For the record, now -- screw the "records," now. Nobody say anything about statistical dominance or best ERA+ or anything of that nature. No mentions of Christy Mathewson or Ed Walsh unless there are truly elderly Bauxites out there who actually saw Addie Joss and Pete Alexander pitch. For me, there are four names that come immediately to mind ...

... and I should start by saying that as great as Carlton was in 1972, I don't remember him from that season (Hey, I was six!) ... so my memories start a little later.

The first truly dominant starting pitcher I remember marvelling at was a pinstriped Gator named Ron Guidry who went, if I remember this right (let's not look anything up, folks -- go by what your memories tell you) 25-3 for the 1978 Yankees. The little lefty was every bit his Louisiana Lightning nickname, and then some. But at the age of 12 and living 650 miles from Yankee Stadium, I was more closely attuned at the time to the rehab efforts of Mark Fidrych and the stalwart starts of Jack Billingham, neither of whom belong on this list. All I really remember about Guidry '78 is that he was awesome.

By 1985-86, I was 19 going on 20, in college, and more aware of the sheer dominance of two young obviously-Hall-of-Fame-bound righties named Doc Gooden and Roger Clemens. Each won two dozen games, Doc in '85 and Rocket the next season.

Gooden '85 was the greatest pitcher I ever saw, no question.
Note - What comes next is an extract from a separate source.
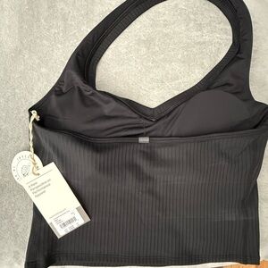 Crafted in our supple stretch knit, our women's Inversion Rib Tank is a flattering halter-style fitness top that fits right in at the yoga studio or on a power walk with friends.

He threw 140 MPH and had a curve that broke eight feet and ... okay, the haze of memory may have enhanced those specifics a little. Clemens was just about as good the next season; among other moments, he set a new single-game strikeout record that in the two-plus decades since only he himself has matched in a nine-inning outing. In my memory, Clemens threw harder but Gooden's repertoire was nastier.

Postscript to my 20-year-old self: What things can happen on the way to Cooperstown, hey?

So is one of those two, Dr. K. and Rocket Roger, the most dominant pitcher I've ever seen? No. Brace yourselves, Blue Jay fans -- the greatest one-season -- okay, two-month-stretch -- hurler I've ever had the pleasure to see pitch is a former Jay, a fella who almost single-handedly kept the Blue Jays from a post-season appearance half a decade before Pat Borders, of all people, would win a World Series MVP.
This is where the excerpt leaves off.